Researchers have discovered how a protein produced by immune cells, known as tumor necrosis factor (TNF), which is commonly used in treating autoimmune and inflammatory diseases, increases the risk of tuberculosis (TB). TB, caused by ‘Mycobacterium tuberculosis’ (Mtb), is the leading cause of death from infectious diseases globally, though it affects only about 5% of those infected. Traditionally, a deficiency in TNF was known to raise TB risk, but new research published in Nature challenges earlier beliefs about the immune system’s role.

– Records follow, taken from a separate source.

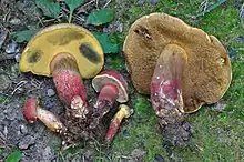 Comme son nom l'indique, le Bolet bicolore est entièrement teinté de jaune et de rouge. C'est un champignon à la silhouette plutôt trapue, dont le chapeau mesure entre 4 et 15 cm de diamètre et le pied de 5 à 10 cm de long pour 1 à 3 cm d'épaisseur[6]. Dans le jeune âge, le chapeau est convexe, finement velouté et rouge vineux. Il s'étale en vieillissant, devient lisse et se décolore parfois pour prendre une teinte jaune rosé. Les tubes sont d'abord jaunes puis jaune olivâtre et plus courts que la plupart des bolets. Ils sont adnés, puis échancrés, et leurs pores sont si petits qu'on les distingue difficilement chez les jeunes spécimens. Ils sont concolores aux tubes et bleuissent au froissement[7]. Le stipe est souvent clavé vers la base, plein et glabre. Il est rouge vineux teinté de jaune vers l'apex[6]. La chair est jaune pâle, plus foncée dans le pied, et elle bleuit lentement à la coupe (mais plus faiblement que les pores). Sa saveur est douce et son odeur indistincte. La sporée est brun olive[7].
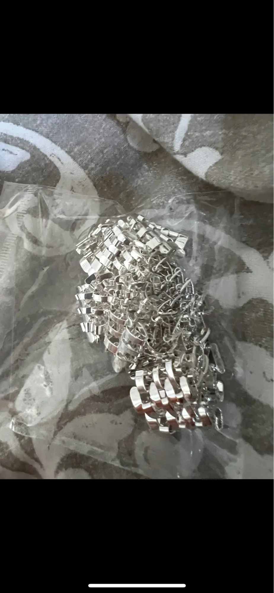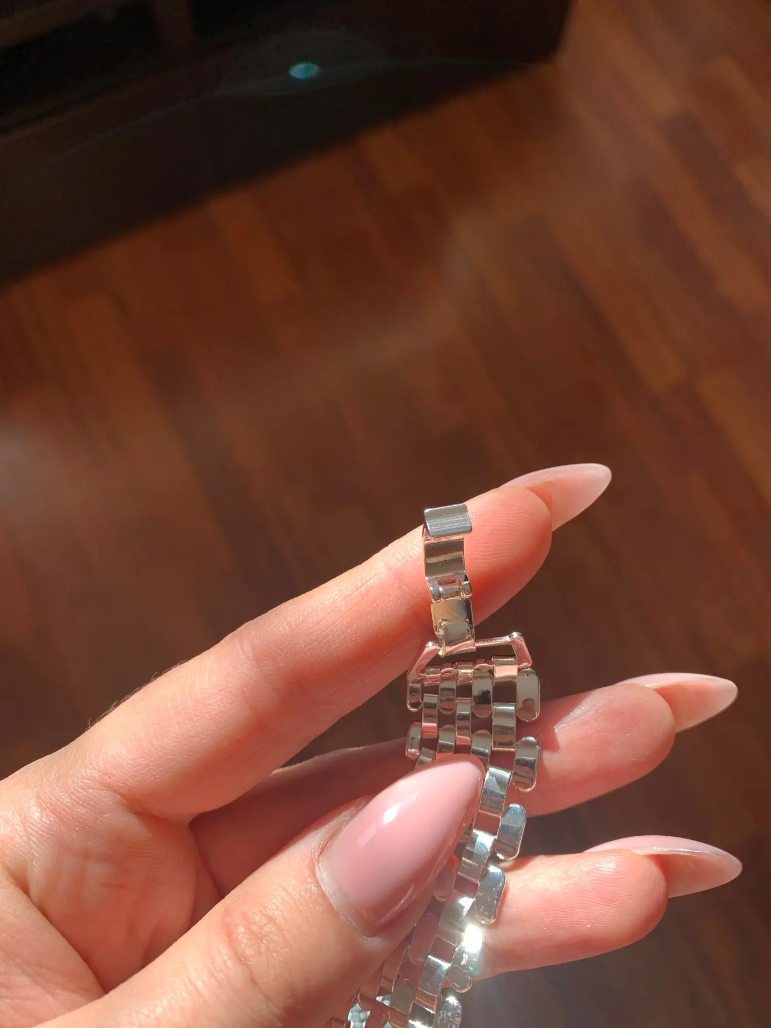 Very high quality jewelry, the color is bright, the metal is not flimsy. It seems that the color should last enough time, if you do not climb under the shower in all its glory)))) a very tight buckle-rather than a minus. But the main thing is a very chic gift from the store! The photo does not convey all the glitter of the chain! The color is very close to silver-in the photo the hand ring from our 925 silver. It came so quickly that I did not even have time to strain with waiting)))) the seller and this product I recommend definitely! To the seller Thank you very much for the gift!!!
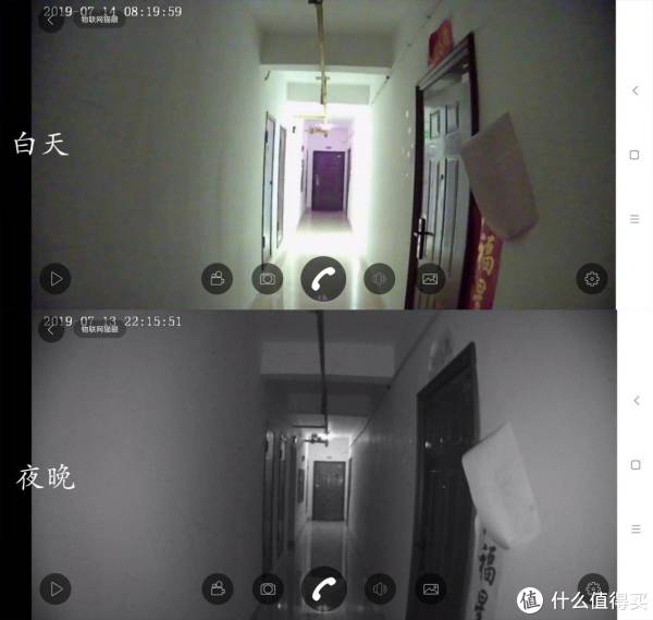 如上为白天和夜晚的场景对比,可以看到无论是白天还是夜晚,走廊的环境画面都非常清晰。虽然白天部分地方有些过曝,但对正常环境的判断没有影响。这里有个特别感受是,X1采用的4颗无感红外夜视效果很好,单思在门外看感受不到有红色夜视灯,给人的感觉会更加友好。
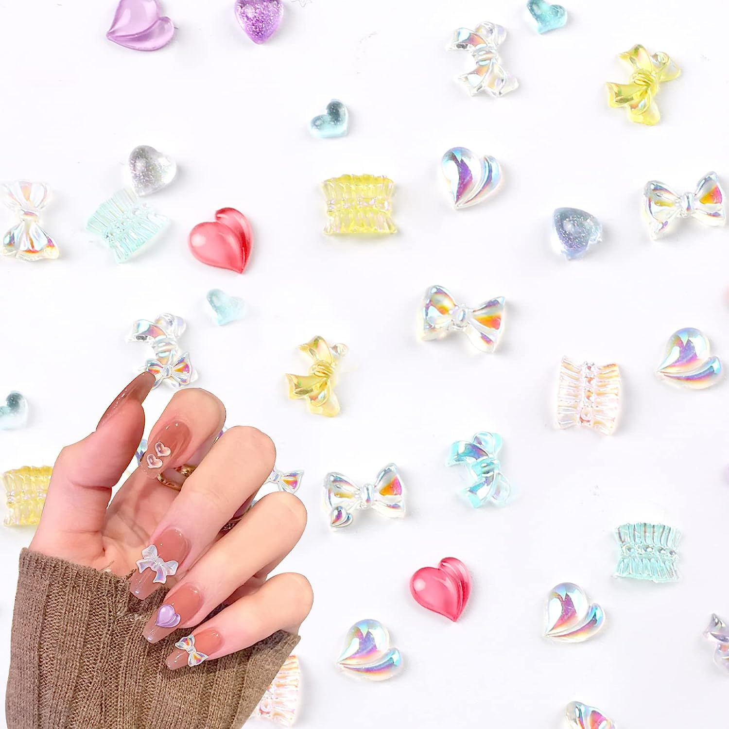 Pcs 3D Cute Nail Charms Mix Styles Nail Art Decoration Butterfly Bow Charms Peach Bear Aurora Skirt for Acrylic Nails Resin Nail Rhinestone Glitter Nail Art Accessories DIY Nail Decorations
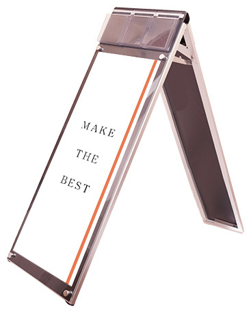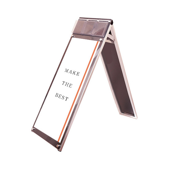 ポスターをより簡単に交換できるA4三つ折りパンフレット用ケースが付いたスタンド看板
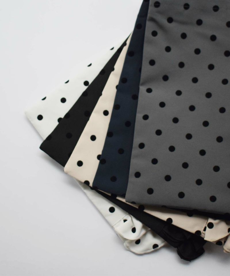 | 素材 | 本体: ポリエステル100% フロック部分: ナイロン100% 裏地: ポリエステル100% パイピング布: ポリエステル80%, コットン20% |

The study, led by Jean-Laurent Casanova from Rockefeller University, reveals that TNF is crucial for protecting the lungs against TB by maintaining specific immune processes. A lack of TNF, however, debilitates this defense mechanism, leading to severe illness. This was highlighted through the cases of two individuals in Colombia, a 28-year-old woman and her 32-year-old cousin, who suffered from recurrent TB despite initially responding to antibiotics. Genetic analysis showed they were the only family members with a TNF gene mutation that impaired TNF function, resulting in Mtb overwhelming their lung macrophages.
The findings clarify why TNF inhibitors, used for treating autoimmune diseases, increase TB susceptibility: without TNF, a critical component of the immune defense against TB is compromised.